Furthermore, since the outlet part 6 has a ring shape formed by cutting the copper pipes 13 and 16, the connection state of the outlet part 6 can be directly inspected, and repair work can also be carried out using the holes in this ring. It can be done easily.

Moreover, since the excess solder used for connection can escape into the ring, lifting of the stator coil 3 from the printed circuit board 1 can be eliminated.

[Effects of the Invention] As explained above, the present invention includes a plurality of winding bodies arranged in a ring in a mold, molded with an insulating resin, and the integral molded product is cut to form a stator coil. This makes it easy to mass-produce,
The generation of torque ripple in the rotor can be prevented as much as possible, and since the connection parts made of conductive pipes are provided at the winding start end and winding end of the winding body, the winding opening can be prevented as much as possible. This greatly simplifies the process, and also makes it possible to easily form the connecting portion, as well as ensuring the strength of the connecting portion.

[Brief explanation of the drawing]

1 to 6 show an embodiment of the present invention,
Figure 1 is a vertical cross-sectional view of the entire brushless motor, Figure 2
The figure is a cross-sectional view of the stator coil, Figure 3 is a perspective view of the printed circuit board and stator coil, Figure 4 is a perspective view of the winding core, Figure 5 is a perspective view of the winding body, Figure 6 is a molded cigar hull.

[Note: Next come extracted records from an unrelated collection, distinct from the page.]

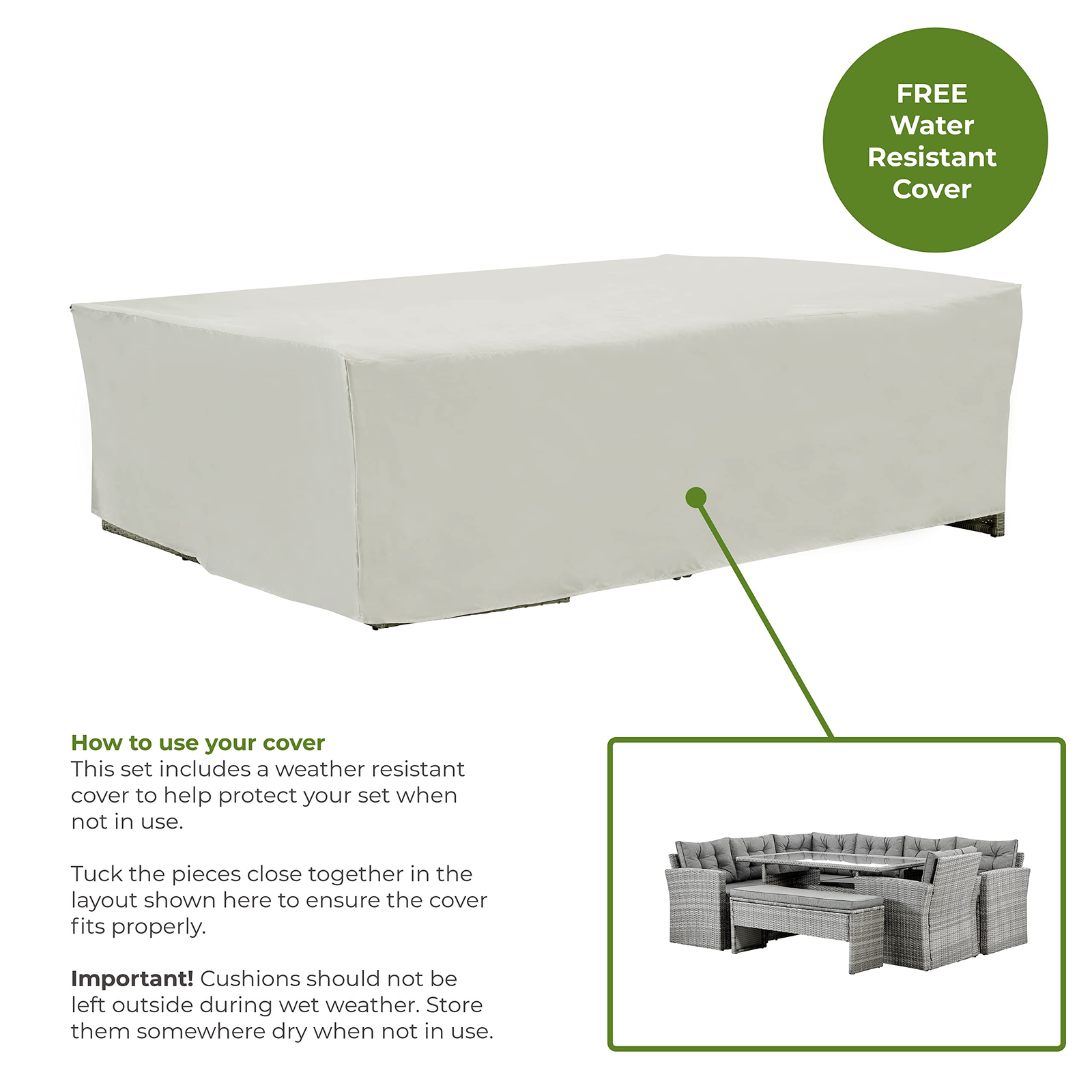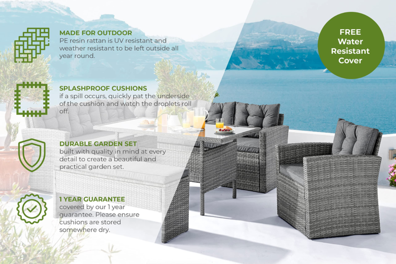 But it’s not just about looks. This set is built to last. Crafted from high-quality grey rattan, it’s weather-resistant and ready to face whatever Mother Nature throws its way. Spilled drinks? No problem! The cushions are easy to clean, so you can spend less time worrying and more time enjoying the party.
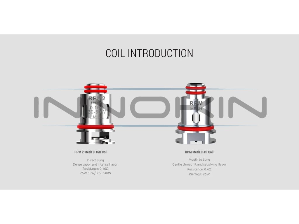 Smok RPM 2 Cartridge Pro použití se žhavící hlavu s označením RPM 2, s mesh spirálkou a celkovým odporem 0,16Ω, která se díky svému nízkému odporu velmi hodí pro DL styl potahování (přímým potahováním do plic). Doporučený výkon pro tuto žhavící hlavu je mezi 25-50W, avšak nejlepšího podání chuti dosahnete při výkonu 40W.
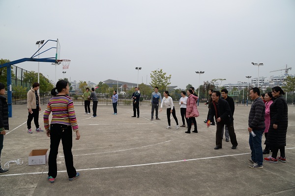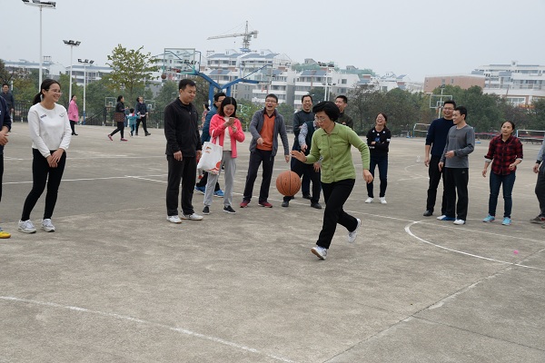参观完校史馆后,学院在篮球场进行了教职工趣味活动比赛。本次趣味活动比赛共设3个集体项目,分别为运球投篮、丢毽子、“国球”接力。教职工通过随机抽签分成9个组。各组指定组长和副组长,负责组织本组队员参赛。
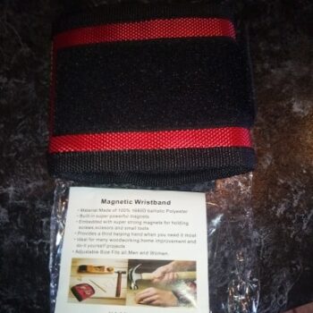 The magnets are pretty strong and can hold a bunch of screw and have little pockets for other items. Also, the package came with two wristbands, so you can optimize both hands and be extremely productive, this is a great products for a working set of hands.
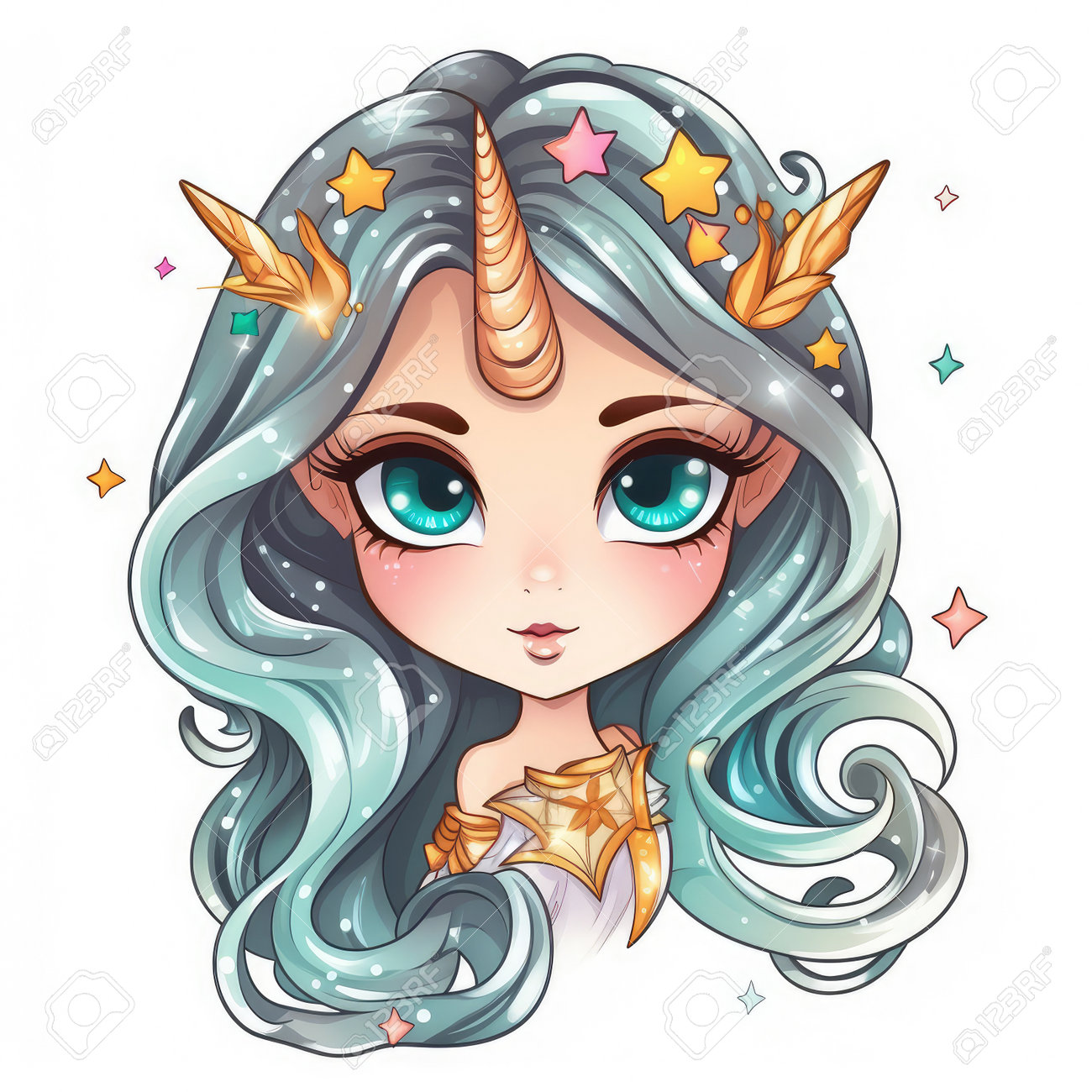 Jolie Fille De Licorne De Dessin Animé Avec Des Cheveux Longs Et Des Étoiles. Illustration Vectorielle. Banque D'Images et Photos Libres De Droits. Image 204367307
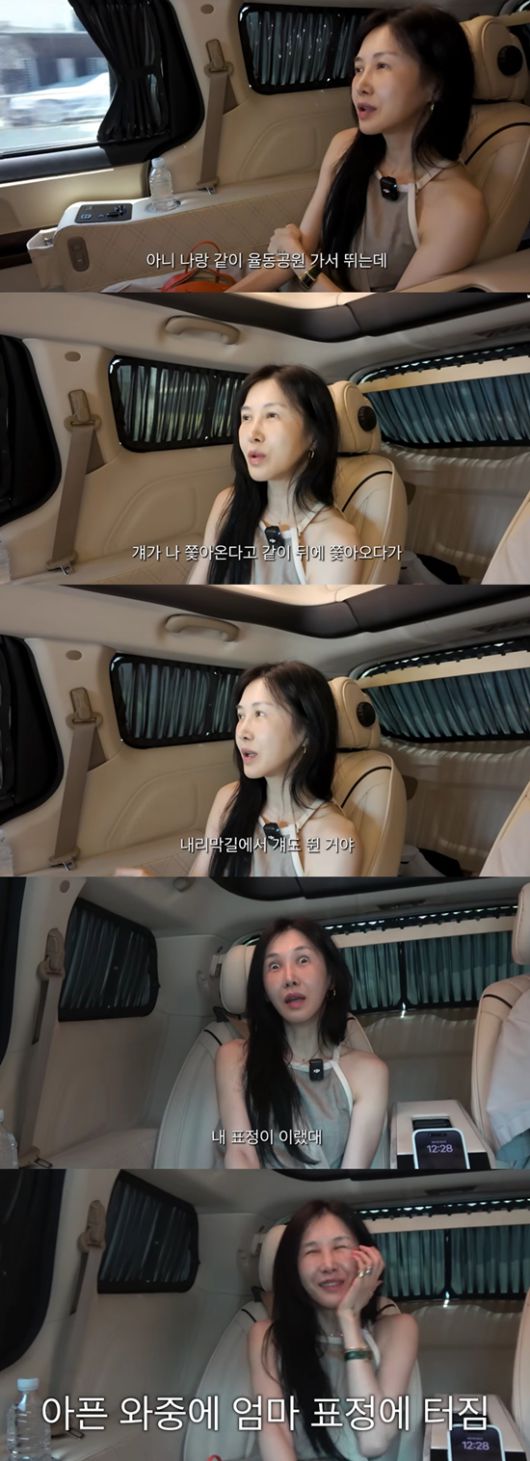 그러면서 "내 표정이 이랬다더라"라며 눈을 크게 떠 보였다. 이어 "(지온이가) 울다가 내 표정 보면서 웃어. 너무 아팠다더라. 인대가 끊어진 거다. 봤더니 운동화 끈도 완전 느슨해져 있더라. 제대로 묶지도 않고"라며 속상해했다.

FIG. In the figure, 3 is a stator coil, 5 is a winding, 6 is an outlet, 7 is a connection pin, 8 is a rotor, 12 is a winding core,
13 and 16 are copper pipes (connecting parts), 14 is a strip-shaped copper plate (conductive plate), 15 is a winding body, and 18 is an integrally molded product.

Claims (1)

[Claims] 1. A conductive plate is wound into a cylindrical shape, and a plurality of winding bodies each having a connecting part made of a conductive pipe extending in the axial direction are arranged in a ring at the winding start end and winding end,
These are molded with insulating resin, and this integrally molded product is cut across the multiple winding bodies to form a stator coil, and a protrusion is formed at a position corresponding to the connection part of the stator coil. 1. A method of manufacturing a stator for a motor, comprising stacking and fixing the stator coil on an insulating substrate having a stator.